16,000 nodes at WhatsApp - how?

When WhatsApp says 16,000 nodes, I struggle to understand the networking side of things?

How many clusters? How many nodes per cluster? What is the network topology?

I never run an application with more than a few nodes together, and I would love to learn how to embrace Erlang to this scale.

How do you do that?


Two videos related to how they did it :slight_smile:


I am sorry for the delay, I had watched the videos multiple times, and I keep getting confused and so many questions that I don’t know how to answer.

I am sorry if I ask things that you may understand how to answer from the video, I am trying to clarify my thoughts out loud to make sure I am not making a mistake.

From this picture, https://youtu.be/LJx6mUEFAqQ?t=201

I am assuming; they call frontend the exposed servers.
I am assuming; each box is an Erlang VM.
I am assuming each group of boxes is a cluster of the same OTP application.

Where I get confused is the connection between the Nodes and clusters.

How are they connecting their Nodes? Are they maybe using something like LibCluster or Peerage?

How are they connecting the clusters?

What do the arrows represent?

Do they represent connections at the VM level? Are they doing RPC calls using Erlang distribution?

If so, do they connect each Node from a cluster to each node from the other cluster?

These are the hardest question that I am not sure how to answer when it comes to connecting clusters to clusters.

I am sorry for the confusion and ignorance, I am getting overwhelmed understanding these Erlang concepts at a significant scale.

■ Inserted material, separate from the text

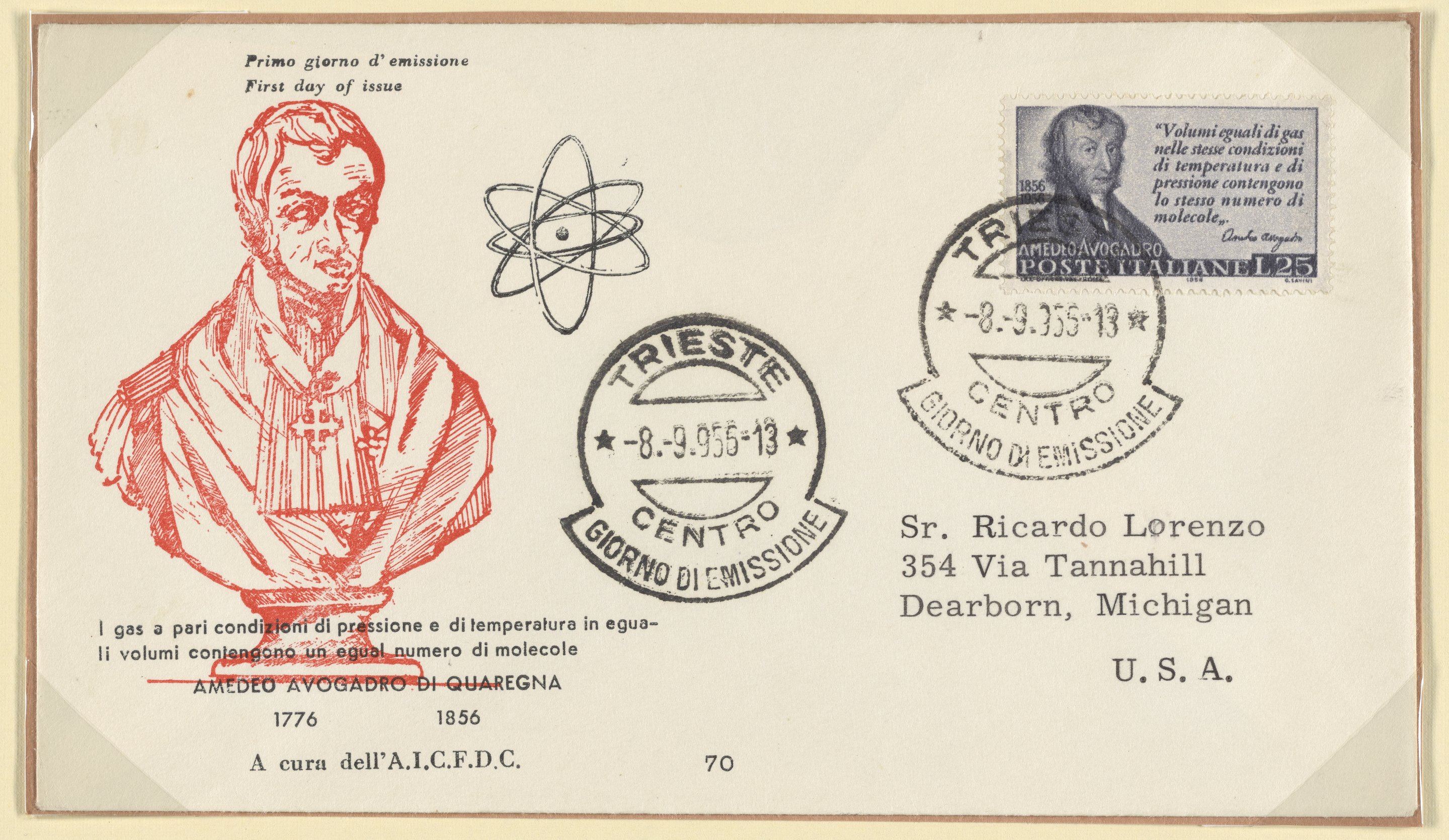 First Day Cover commemorating the centenary of the death of Amedeo Avogadro

Most likely in a non-Erlang ecosystem,

These are a bunch of servers with proxies and low balancers, self-discovery systems, with a lot of networking tools doing the magic for me.

Where I do a call to whatever aliased service name, and I don’t know where that is nor how it is connected.

But I have a hard time understand how to leverage the Erlang platform fully.

Today, a single cluster using https://github.com/mrluc/peerage is as far as I got when it comes to multiple servers. I never had to connect two clusters before (too powerful for me to even try).

And questions of where do I put the low balancers if I am connecting cluster-to-cluster, throw me off. I don’t know enough.


Cluster to clusters, I used VPN connections in the past for it. Just remember its all the same access time obstacles when dealing with SIP and on a non-contiguous connected internet.